Si No Te Hubieras Ido by Marco Antonio Solis
Even if you’re not a contemporary dancer, sometimes it’s best to dance in a sad way, to groove out your emotions, a form of ecstatic, personal expression that can be felt but not understood. The first archaeological proof of dance comes from a ten-thousand-year-old cave painting in India depicting figures in movement in what appears to be a drum ceremony, a ritual attempt to reach a joyous state of trance, a desire to grasp a dimension that exists outside of the material world. Dance is catharsis, to say the least.
An anonymous person posted on the question and answer website, Quora: Do people dance when they are sad? A woman named Marian Gutierrez answered that yes, in fact, she does, ‘to escape a little bit from reality' and dance the sadness away from her mind. Someone named Bryan Regalado, whose bio states that he ‘studies emotions and understands emotions,’ answered that he recently learned to let go while dancing, that this helps him unlock the emotions he doesn’t have access to while sedentary, but it’s different than exercise, he adds. ‘The pure connection with the music alone allows for a mentally transcendent experience that cannot be found through any other mode of movement. For magic to occur, it has to be only but a song and I together in a room.’ Sometimes, Bryan says, he even gets euphoric. ‘I dance to feel. Whatever comes along with it is just fine by me.’
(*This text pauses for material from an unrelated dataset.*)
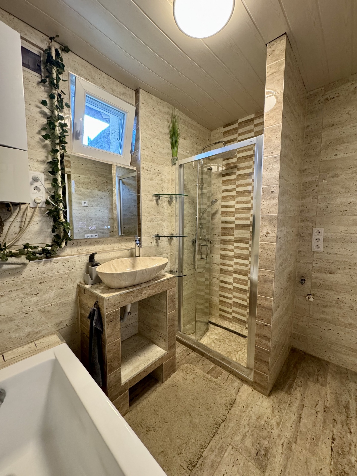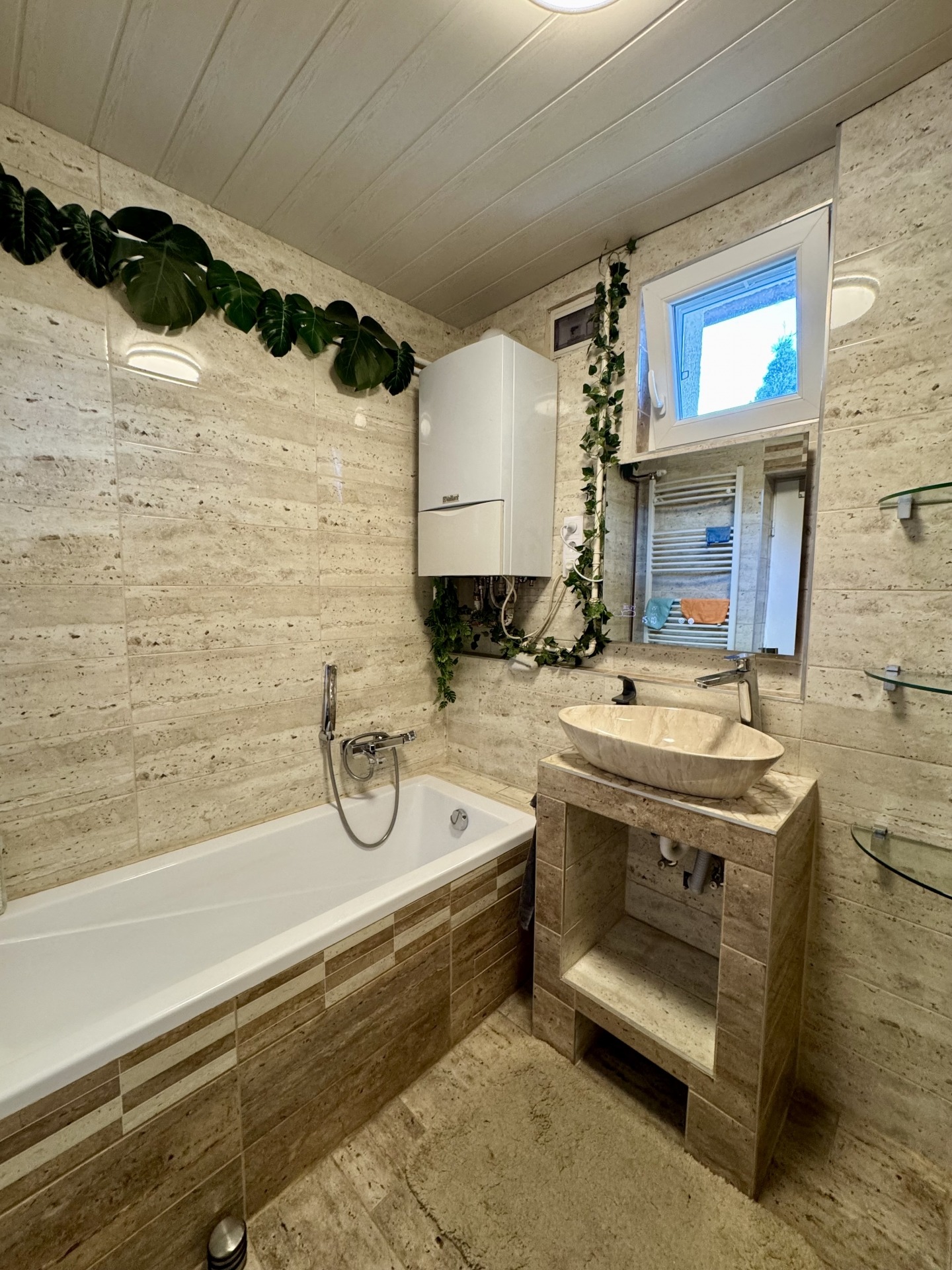 3 fűtési rendszer áll rendelkezésre. Gáz-cirkó kazán radiátorokra csatlakoztatva, 2 cserépkályha, 2 helyiség infrapanel.

Raphael Alexis says that dance is ‘great to get shit out of your system’ and to ‘shed a few tears,’ while a fellow named Seth Franqui says that dance is only good if you’re ‘100 percent committed to it. You need to have the passion or you will fail’—though that may be a bit extreme, perhaps even leading to more sadness than before. Dancing is a fantastic form of therapy, but it's not unusual for it to be taken too far. Danses Macabres, from the middle ages, was a dance ritual designed as a memento mori, thought to protect its participants from deadly disease, though the hysteria and long duration of these dances would often lead to death by exhaustion. I suppose nothing should be taken too seriously.
In the Iliad, Homer describes Choreia, an ancient Greek mystical circle dance accompanied by singing and chanting thought to bring about involuntary movements that would cure its participants of unwanted evil spirits, such can be the pleasures and benefits of dancing in a communal setting. According to an article from Chartwell, a chain of retirement residencies in Canada, dancing can help your heart, improve posture and flexibility, reduce pain and stiffness, lift your mood, and even, by building balance in the hips, prevent falls. Sounds pretty good to me.
It seems the answer to the question is an overwhelming yes, people do dance when they are sad, melancholic, depressed, dejected, downcast, and miserable, and yes, dancing, alone, with friends, lovers, or family, can and will most probably help whatever mental ailment someone’s enduring. Follow the rhythm, and do it with focus. If you're so silly to believe you don’t have rhythm—no problem, no worries; your inner demons will surely find it.